I'm trying to measure a secreted protein. Will the protein lysate preparation be similar to how you prepare cell lysates?
Do I need still need to shear DNA in supernatant samples? (I presume no, since I'm working with adherent cells).

What housekeeping protein (tubulin, actin, GAPDH etc) will you use with supernatants?

-science noob-

I personally not experienced but just an info i know, usually people concentrate the supernatant to a very lower volume and then proceed western as usual, i dnt think u ll have to shear DNA, even if it suspension cells as you can filter the medium and use.

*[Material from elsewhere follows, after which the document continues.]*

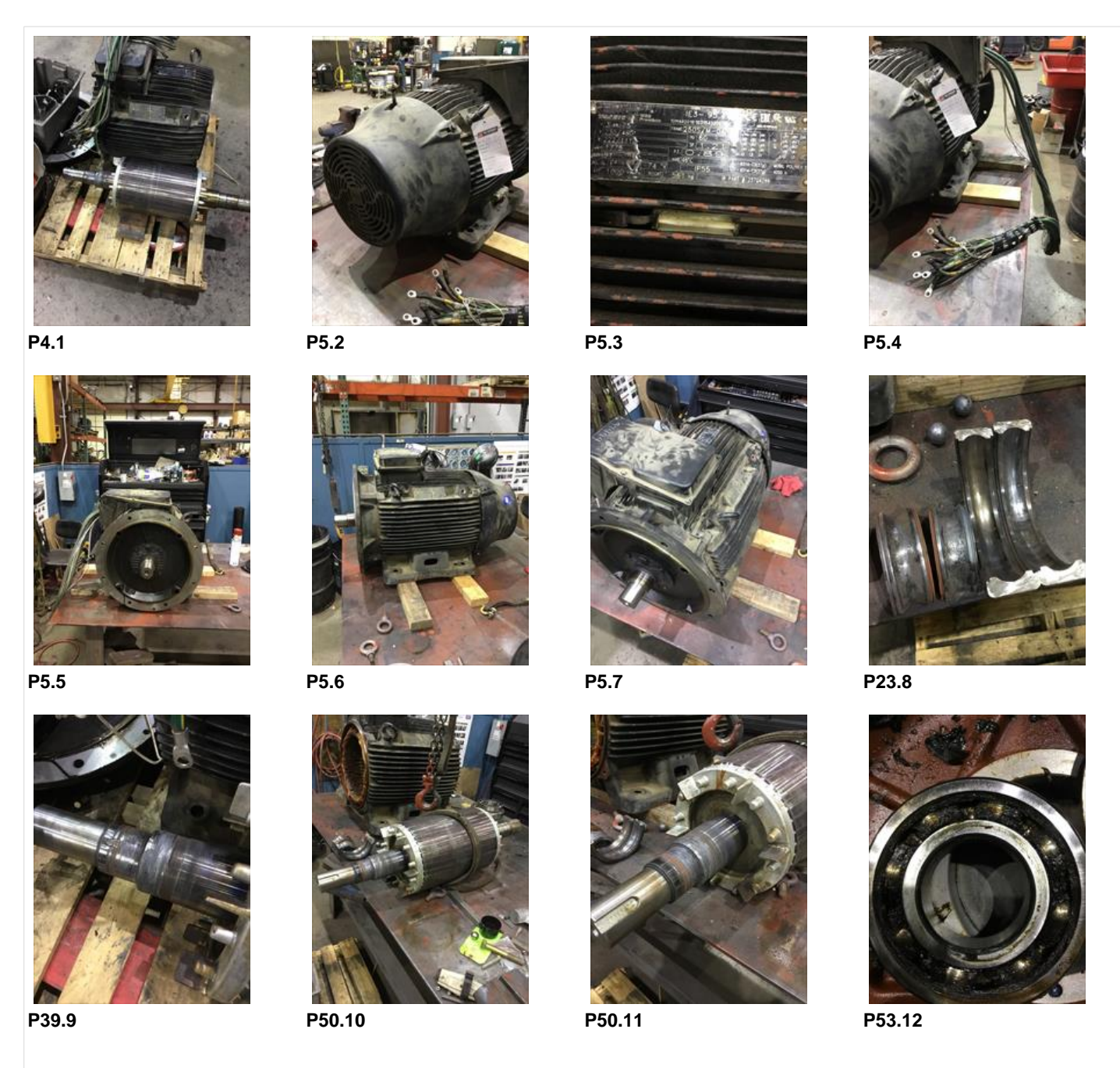
Hi-Speed Industrial Service disclaims all warranties, both express and implied, relating to the information, reports, opinions and analysis disclosed to the Customer by Hi-Speed. Hi-Speed shall not be liable for any errors or omissions, or any losses, injury or damages arising from the use of such information, reports, opinions and analysis by the Customer.

there are some manual techniques that are used to concentrate, but i have seen using centrifugal columns tat comes with molecular weight cut off, meaning depends on the molecular weight of protein we want to analyse, can use the appropriate column to filter all the proteins around or upto that molecular weght from any biological solutions. later you can directly denature them and load.

may be experts here may give you some more inputs and reg the specificity control....

-GNANA-

One thing to take into consideration when running supernatants, is the presence of serum in your media. This will come up as a big blob that can give pretty bad background (I believe due to the IgG present in the serum) and can sometimes mask your protein of interest. I think it runs in the 50-75kDa region, but not 100% sure about this. Concentrating the supernatant will concentrate the serum. The serum will also mask any protein concentration measurement you might do (in case you were thinking of doing this for normalisation).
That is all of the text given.